Although it is "just a blood test," the implications and results of a genetic test are not always black and white. Even for a woman who has survived breast or ovarian cancer, the test may not be as clear as she thinks.
Here are the possible test results:
A positive test result means that you have a mutation in BCA1 or BRCA2. This means you have an increased risk for cancer. However, the test cannot tell you if or when you will develop cancer or a second cancer. Although the risk is high, some women with these mutated genes never develop cancer during their lifetime.
At this time, there is no standard course of action to take once someone finds out that he or she has a BRCA1 or BRCA2 mutation. Most experts agree that intensive cancer screening should start at young ages. Prophylactic mastectomy and/or oophorectomy and chemoprevention are possible courses of action. Each person should discuss the advantages and disadvantages of each strategy with their physician to make the best decisions about managing this risk.

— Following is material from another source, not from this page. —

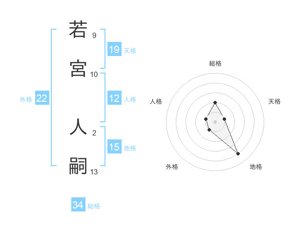 若宮 人嗣さんの総格は34画の2点!

As far as researchers know, there are no true "false positives" without lab error. A "false positive" could happen if two samples were somehow switched either before or after the laboratory received them. It is important to make sure that the laboratory that performs the test is reputable and is certified to perform the test. There should be mechanisms in place to prevent these kinds of errors from occurring at both the testing laboratory and at the hospital.
If you are the first person in your family to get tested, a negative test result does not guarantee that you won't get cancer or that you don't have some other altered gene that could lead to cancer.

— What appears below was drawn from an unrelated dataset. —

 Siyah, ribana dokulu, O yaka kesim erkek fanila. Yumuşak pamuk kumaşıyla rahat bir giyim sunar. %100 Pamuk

Without a known mutation in the family, a negative result for someone who has not had breast or ovarian cancer can mean several things:
1. Your family's cancer history was caused by a BRCA1 or BRCA2 alteration that you did not inherit; other family members could still be at risk
2. Your family's cancer history was caused by a different mutated gene, which you may or may not have inherited. (The test only identifies altered BRCA1 or BRCA2 genes — it does not test for every possible cancer-associated gene).
3. The cancer in your family was not caused by an inherited mutated gene, but may have a common environmental component (caused by exposure to some toxic substance, for example) or may have occurred by chance.
Your genetic counselor has no way of knowing which of these possibilities is the right one. A counselor can, however, assess the likelihood of each one of these options by examining your family history. This is why BRCA1/2 testing is only recommended for people whose family history suggests that they have a high chance of carrying an altered BRCA1 or BRCA2 gene.
It is also possible to get a "false negative" result. This means you may have an altered form of one of the genes, but the test did not detect it. Also, other genes besides BRCA1 and BRCA2 are involved in cancer risk. Your genetic counselor should be able to discuss this issue with you and give you a general idea of how likely a false negative result may be.
A variant result is a "maybe" answer. In some cases, the lab will eventually decide that the alteration is important and does increase the risk for cancer. In other cases, the lab may decide that the variant probably won't increase your risk for cancer. At the time that you get your test result, the lab may not know which one is the right answer. Your genetic counselor can try to help you sort through what a result like this means for you.